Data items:
+++

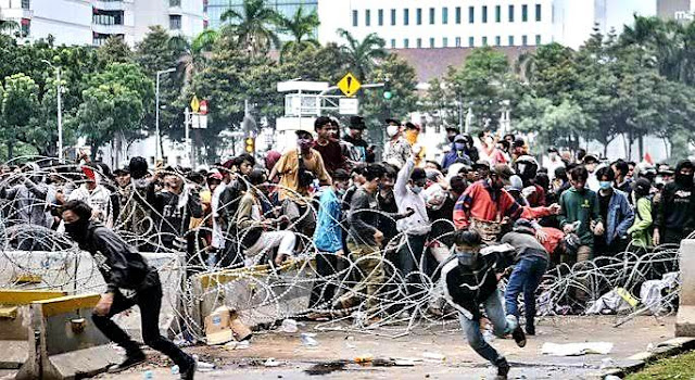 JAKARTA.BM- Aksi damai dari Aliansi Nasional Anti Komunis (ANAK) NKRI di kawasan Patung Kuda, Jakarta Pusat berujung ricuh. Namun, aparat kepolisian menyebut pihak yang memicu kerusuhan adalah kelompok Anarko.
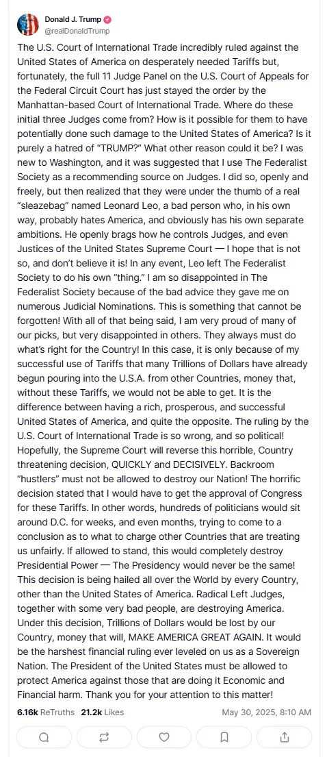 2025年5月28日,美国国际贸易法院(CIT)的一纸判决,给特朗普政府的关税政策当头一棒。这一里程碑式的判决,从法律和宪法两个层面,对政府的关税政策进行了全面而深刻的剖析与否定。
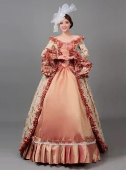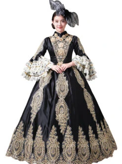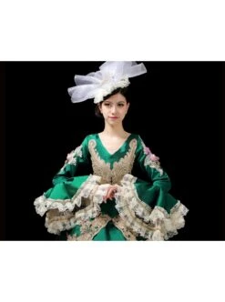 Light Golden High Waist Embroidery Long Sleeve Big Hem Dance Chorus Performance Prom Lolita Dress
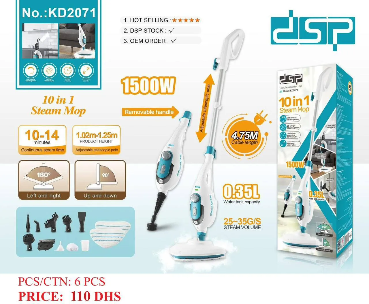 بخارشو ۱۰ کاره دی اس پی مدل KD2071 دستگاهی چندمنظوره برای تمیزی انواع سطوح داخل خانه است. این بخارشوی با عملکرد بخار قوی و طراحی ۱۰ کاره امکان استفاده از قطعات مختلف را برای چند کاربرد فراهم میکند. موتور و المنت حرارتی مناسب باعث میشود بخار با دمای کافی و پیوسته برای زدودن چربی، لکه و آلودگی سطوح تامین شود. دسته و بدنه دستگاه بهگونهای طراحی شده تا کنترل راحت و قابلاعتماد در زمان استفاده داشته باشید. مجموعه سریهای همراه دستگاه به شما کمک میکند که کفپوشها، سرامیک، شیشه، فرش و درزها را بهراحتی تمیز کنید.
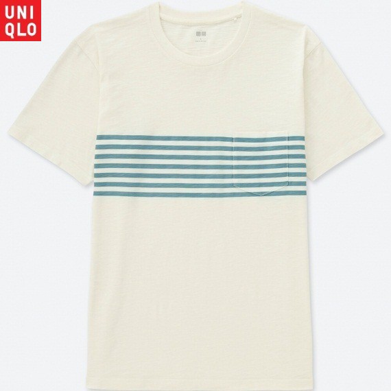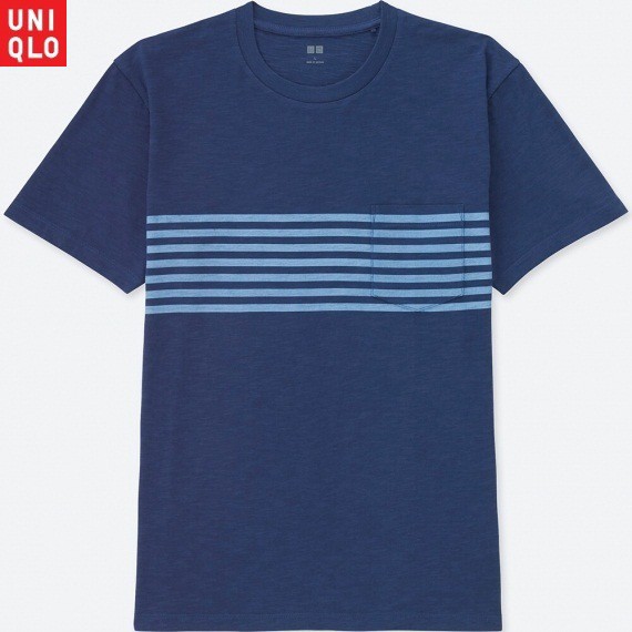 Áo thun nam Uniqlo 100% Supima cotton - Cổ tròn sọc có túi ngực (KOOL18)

+++

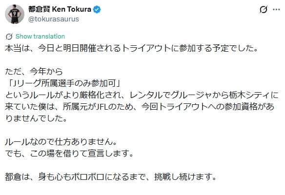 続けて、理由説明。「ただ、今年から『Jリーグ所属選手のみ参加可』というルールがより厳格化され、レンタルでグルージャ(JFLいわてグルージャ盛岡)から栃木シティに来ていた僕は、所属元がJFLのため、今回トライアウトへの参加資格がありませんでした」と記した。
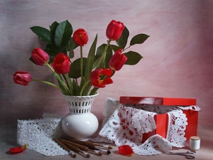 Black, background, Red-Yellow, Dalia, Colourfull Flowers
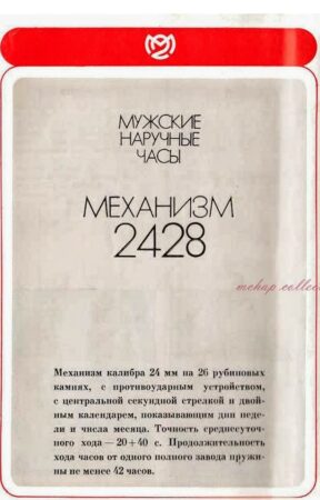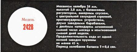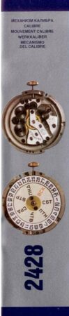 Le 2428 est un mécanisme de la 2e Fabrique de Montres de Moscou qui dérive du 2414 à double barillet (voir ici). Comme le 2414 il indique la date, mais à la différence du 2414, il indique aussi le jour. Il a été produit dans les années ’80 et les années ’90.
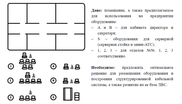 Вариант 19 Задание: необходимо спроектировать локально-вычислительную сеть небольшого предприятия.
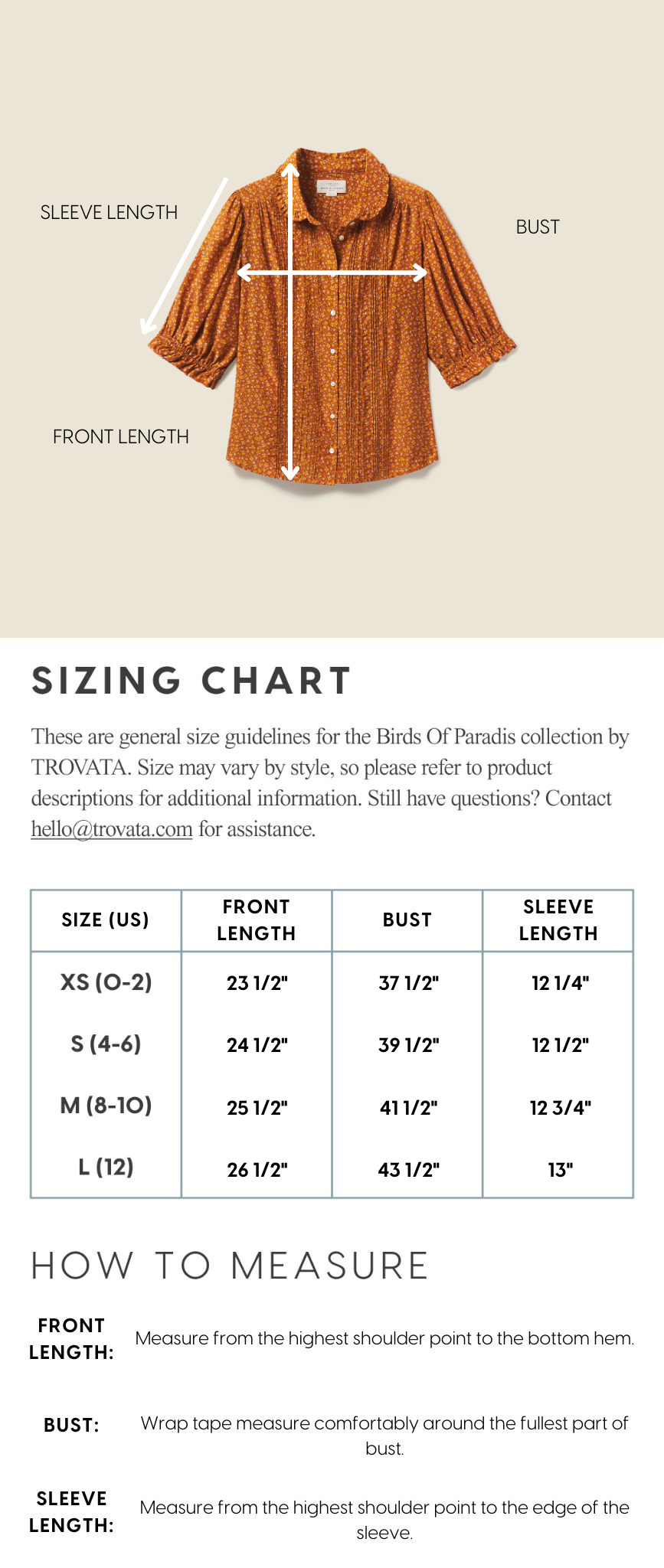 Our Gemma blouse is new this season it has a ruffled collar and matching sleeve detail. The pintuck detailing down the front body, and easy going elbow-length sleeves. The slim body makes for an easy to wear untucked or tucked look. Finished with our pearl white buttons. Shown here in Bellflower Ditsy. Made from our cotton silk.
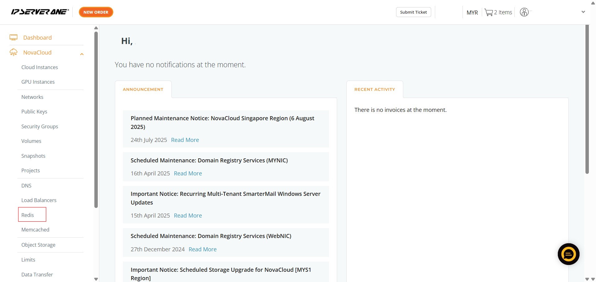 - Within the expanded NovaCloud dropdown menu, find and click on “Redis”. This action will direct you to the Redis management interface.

+++

An exact transcription is needed of the lines from the one with "JAKARTA.BM- Aksi damai" to the one with "Áo thun nam" above, both ends included, with pictures left out.

▸ EXERCISE RESULT:
 JAKARTA.BM- Aksi damai dari Aliansi Nasional Anti Komunis (ANAK) NKRI di kawasan Patung Kuda, Jakarta Pusat berujung ricuh. Namun, aparat kepolisian menyebut pihak yang memicu kerusuhan adalah kelompok Anarko.
 2025年5月28日,美国国际贸易法院(CIT)的一纸判决,给特朗普政府的关税政策当头一棒。这一里程碑式的判决,从法律和宪法两个层面,对政府的关税政策进行了全面而深刻的剖析与否定。
 Light Golden High Waist Embroidery Long Sleeve Big Hem Dance Chorus Performance Prom Lolita Dress
 بخارشو ۱۰ کاره دی اس پی مدل KD2071 دستگاهی چندمنظوره برای تمیزی انواع سطوح داخل خانه است. این بخارشوی با عملکرد بخار قوی و طراحی ۱۰ کاره امکان استفاده از قطعات مختلف را برای چند کاربرد فراهم میکند. موتور و المنت حرارتی مناسب باعث میشود بخار با دمای کافی و پیوسته برای زدودن چربی، لکه و آلودگی سطوح تامین شود. دسته و بدنه دستگاه بهگونهای طراحی شده تا کنترل راحت و قابلاعتماد در زمان استفاده داشته باشید. مجموعه سریهای همراه دستگاه به شما کمک میکند که کفپوشها، سرامیک، شیشه، فرش و درزها را بهراحتی تمیز کنید.
 Áo thun nam Uniqlo 100% Supima cotton - Cổ tròn sọc có túi ngực (KOOL18)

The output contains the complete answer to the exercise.